Many of our communities are already blessed with Jews involved in the green building trade, green waste management, green consumer knowledge, green energy experience. And many of these Jews are not yet engaged in the Jewish community. We can both benefit from their knowledge and experience and, perhaps for the first time, make meaningful and potentially enduring connections with them.

3) Green Fund. We need a handful of influential funders and philanthropists to come together to use their moral and financial suasion to move this issue toward the top of the American Jewish agenda, and as importantly, to embed it in our contemporary Jewish identity. Just as we think of American Jewry as committed to supporting Israel, working toward tikkun olam, and protecting human life and dignity around the world, so we now need to add: the protection, sustainable management, and attitude of awe toward this miraculous but fragile world of ours.

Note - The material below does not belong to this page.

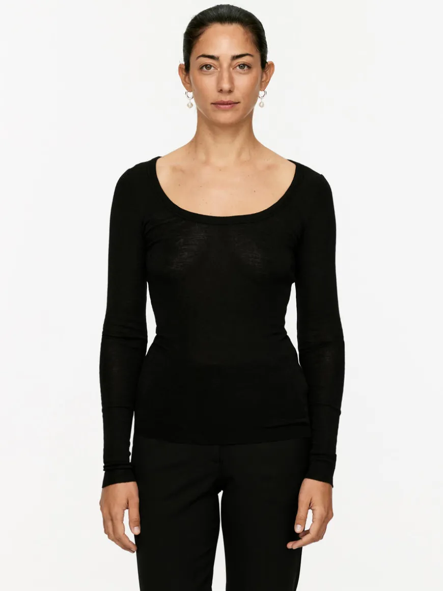 Rib-knitted top crafted from wool. A slim-fitted style with a scooped neck. The top contains 100% RWS wool (TE-00047206). Products certified to the Responsible Wool Standard (RWS) contain wool fiber from farms independently certified to animal welfare and land management requirements.

Through the leverage of a Green Fund, a group of philanthropists can inspire and enable the Jewish community to fully engage in this work. They can guide a national discussion on Jewish environmentalism so that every school, every federation and every synagogue embraces and explores this issue. They can entice and grow the field with a call for RFPs (requests for proposals) for new or expandable programs, seeking out the most creative and most successful, They can fund Jewish environmental classes and programs to create more informed lay leaders, train and support Jewish environmental professionals, and build an educated and committed populace. They can assist in the initial funding of local Jewish Offices of Sustainability. They can support the pioneering and ground-breaking work of national Jewish environmental organizations such as Teva, Isabella Friedman, Hazon Kayam Farm, the Jewish Farm School and others that work on both ends of the learning continuum, teaching the teachers and the learners.

A Green Fund created and guided by Jewish philanthropists can bring welcome and beneficial energies, wisdom and freshness to our community.

With these three initiatives: restoring a sacred engagement with the environmental to the status of a fundamental mitzvah that commands our attention and behavior; creating mechanisms to green our Jewish built-environment; and providing the social, moral and financial leadership to make this happen, we can pursue our sacred mission, substantively and spiritually re-connect with many Jews, and contribute to the healing of this wounded world.